• Requirement
Once the line containing "CORKY THE CLOWN" is found, copy it and each subsequent line exactly. Stop at the end of the records below.

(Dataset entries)
* * *

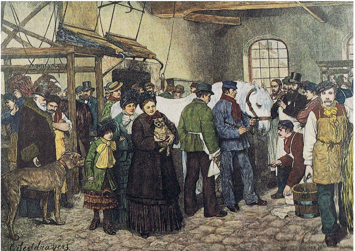
Figure 6. Veterinary clinic of Cureghem (Brussels) in the second half of the 19 th century. Lithograph by Emile Seeldraeyers (Ghent, 1847 - Brussels 1933). The monumental original painting is nowadays on display at the Veterinary Faculty of Liège (Sart-Tilman).

All this happened during a period named in German literature the 'Stallmeisterzeit', to be translated as 'Stable Master Era', somewhat arbitrarily placed in the period from about 1250 to 1762, (von den Driesch and Peters, 2003). The year 1762 is marked by the founding of the first veterinary school in Lyon, and 1250 was taken as a starting point because it is the publication year of the first mediaeval Western European veterinary text book by Jordanus Ruffus (Ruffo or Rosso), Imperialis marescallus major in Frederick's court. This
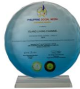
2019 STAR BRAND TRAVEL CHANNEL & CABLE CHANNEL
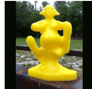
CORKY THE CLOWN

1962 Willow Grove Lanes Willow Grove Amusement Park, PA

* * *

• Answer for this exercise
CORKY THE CLOWN

1962 Willow Grove Lanes Willow Grove Amusement Park, PA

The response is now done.